In this section, we’ll briefly introduce ConcurrentSim’s Resource class.

Basic Resource Usage

We’ll slightly modify our electric vehicle process car that we introduced in the last sections.

The car will now drive to a battery charging station (BCS) and request (lock) one of its two charging spots. If both of these spots are currently in use, it waits until one of them becomes available again. It then starts charging its battery and leaves the station afterwards:

julia> using ResumableFunctions

julia> using ConcurrentSim

julia> @resumable function car(env::Environment, name::Int, bcs::Resource, driving_time::Number, charge_duration::Number)
         @yield timeout(sim, driving_time)
         println(name, " arriving at ", now(env))
         @yield request(bcs)
         println(name, " starting to charge at ", now(env))
         @yield timeout(sim, charge_duration)
         println(name, " leaving the bcs at ", now(env))
         @yield unlock(bcs)
       end
car (generic function with 1 method)

The resource’s request function generates an event that lets you wait until the resource becomes available again. If you are resumed, you “own” the resource until you release it with unlock.

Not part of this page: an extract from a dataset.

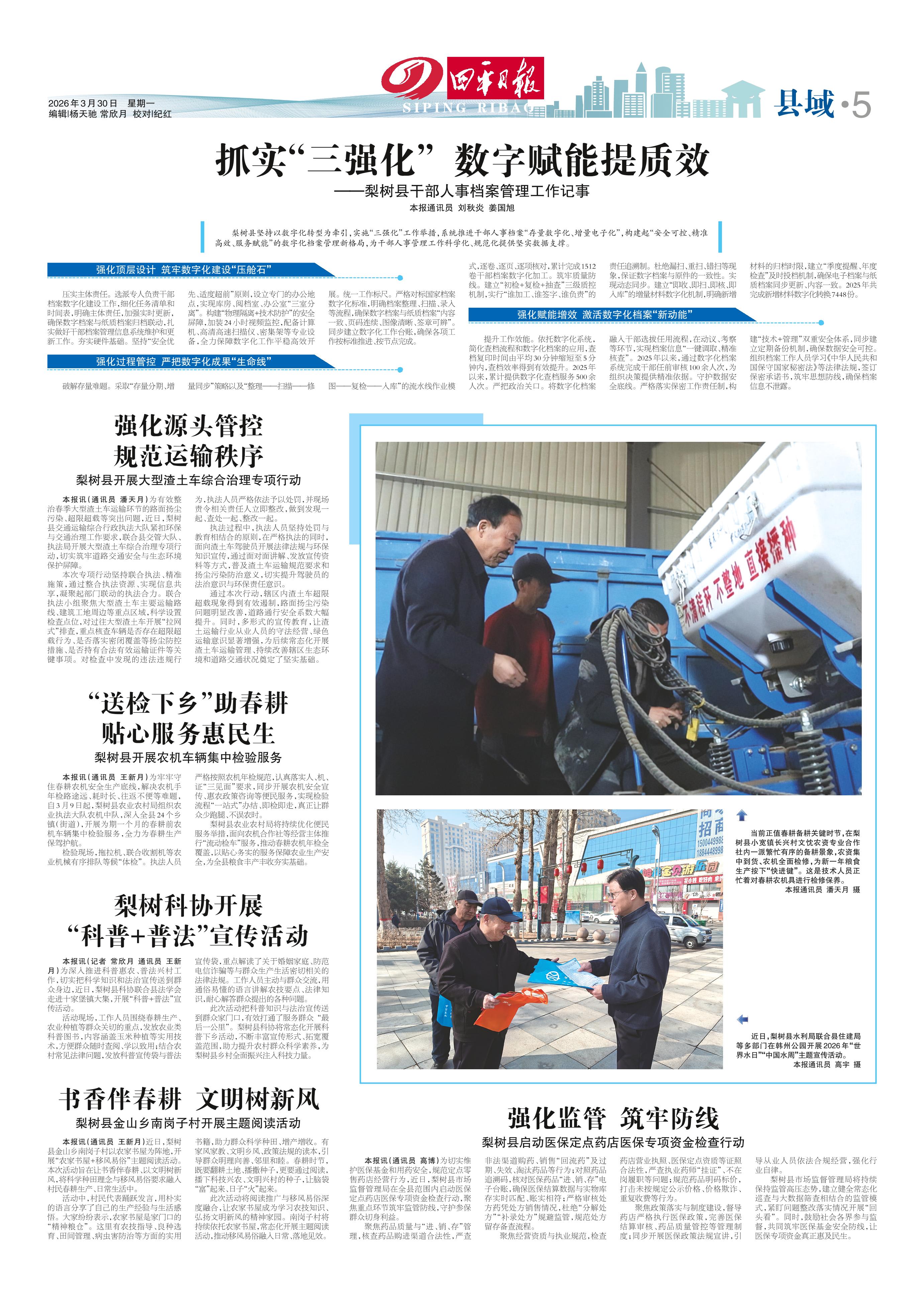 <div style='font-size: 22px!important;line-height: 34px!important;text-align: justify!important;color: #000!important'>梨树科协开展 “科普+普法”宣传活动</div><div style='font-size: 14px!important;line-height: 22px!important;text-align: left!important;color: #777!important;margin-top: 20px;'>四平日报  2026-03-30</div><div><img id='paperImg' style='max-width: 100%;height: auto' src='//img.founderfx.cn/epaper/202603/30/c9aa1754b0d44fbb940bcb173984cc42/5.jpg' alt='' class='page-img'/></div><p> 本报讯(记者 常欣月 通讯员 王新月)为深入推进科普惠农、普法兴村工作,切实把科学知识和法治宣传送到群众身边,近日,梨树县科协联合县法学会走进十家堡镇大集,开展“科普+普法”宣传活动。</p><p> 活动现场,工作人员围绕春耕生产、农业种植等群众关切的重点,发放农业类科普图书,内容涵盖玉米种植等实用技术,方便群众随时查阅、学以致用;结合农村常见法律问题,发放科普宣传袋与普法宣传袋,重点解读了关于婚姻家庭、防范电信诈骗等与群众生产生活密切相关的法律法规。工作人员主动与群众交流,用通俗易懂的语言讲解农技要点、法律知识,耐心解答群众提出的各种问题。</p><p> 此次活动把科普知识与法治宣传送到群众家门口,有效打通了服务群众 “最后一公里”。梨树县科协将常态化开展科普下乡活动,不断丰富宣传形式、拓宽覆盖范围,助力提升农村群众科学素养,为梨树县乡村全面振兴注入科技力量。</p>

You are responsible to call unlock once you are done using the resource. When you unlock (release) a resource, the next waiting process is resumed and now “owns” one of the resource’s slots. The basic Resource sorts waiting processes in a FIFO (first in—first out) way.

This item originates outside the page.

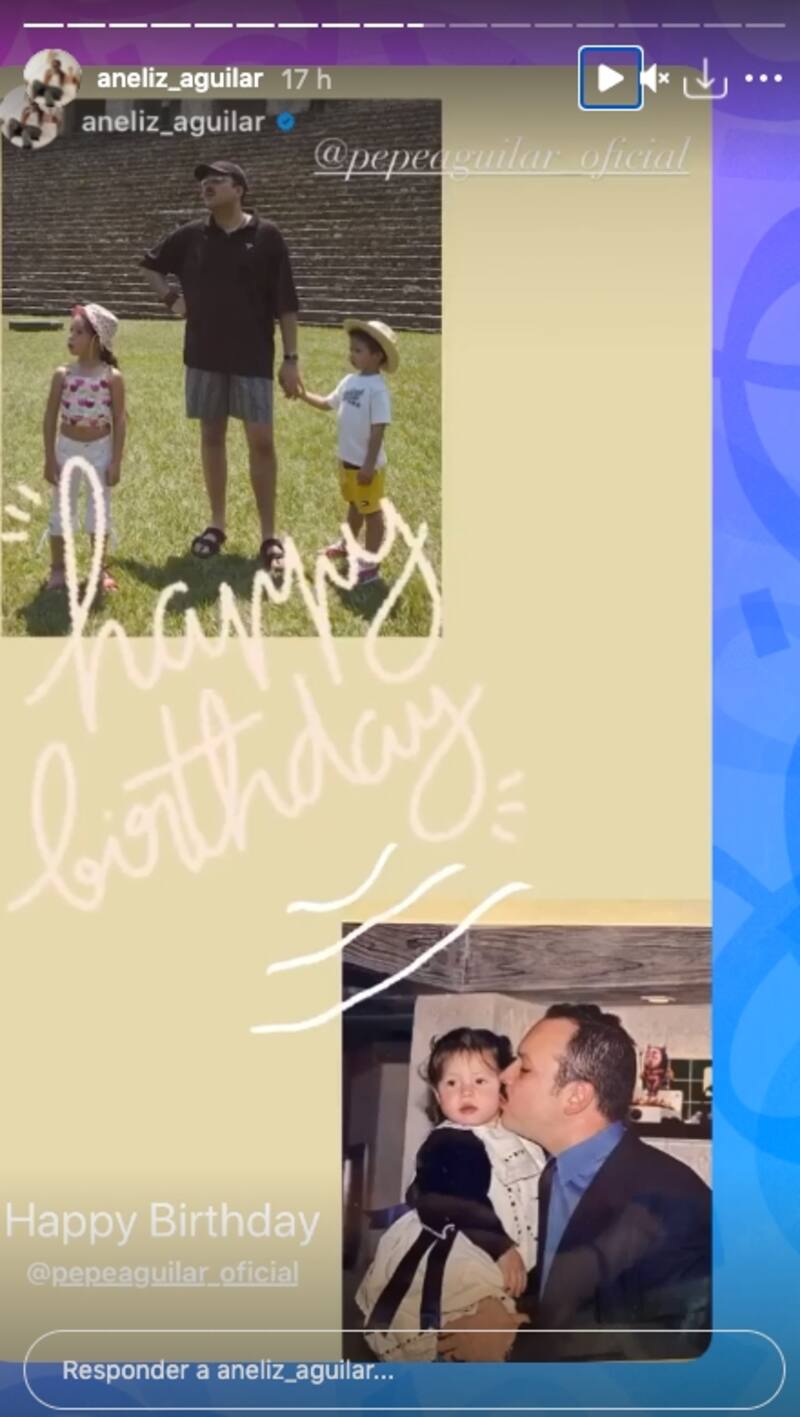A propósito, escribió: "Feliz cumpleaños @pepeaguilar_oficial !! Te amo muchísimo. Gracias por darme un ejemplo tan grande y claro de lo que significa ser hombre. Diario me siento increíblemente orgulloso de ti y de lo qué haces. Ojalá en la vida pueda llegar a ser un 20% de lo que eres. Te amo ??".

A resource needs a reference to an Environment and a capacity when it is created:

julia> sim = Simulation()
ConcurrentSim.Simulation time: 0.0 active_process: nothing

julia> bcs = Resource(sim, 2)
ConcurrentSim.Resource

We can now create the car processes and pass a reference to our resource as well as some additional parameters to them

julia> for i in 1:4
         @process car(sim, i, bcs, 2i, 5)
       end

julia> run(sim)
1 arriving at 2.0
1 starting to charge at 2.0
2 arriving at 4.0
2 starting to charge at 4.0
3 arriving at 6.0
1 leaving the bcs at 7.0
3 starting to charge at 7.0
4 arriving at 8.0
2 leaving the bcs at 9.0
4 starting to charge at 9.0
3 leaving the bcs at 12.0
4 leaving the bcs at 14.0

Finally, we can start the simulation. Since the car processes all terminate on their own in this simulation, we don’t need to specify an until time — the simulation will automatically stop when there are no more events left:

julia> run(sim)
1 arriving at 2.0
1 starting to charge at 2.0
2 arriving at 4.0
2 starting to charge at 4.0
3 arriving at 6.0
1 leaving the bcs at 7.0
3 starting to charge at 7.0
4 arriving at 8.0
2 leaving the bcs at 9.0
4 starting to charge at 9.0
3 leaving the bcs at 12.0
4 leaving the bcs at 14.0

Note that the first two cars can start charging immediately after they arrive at the BCS, while cars 3 and 4 have to wait.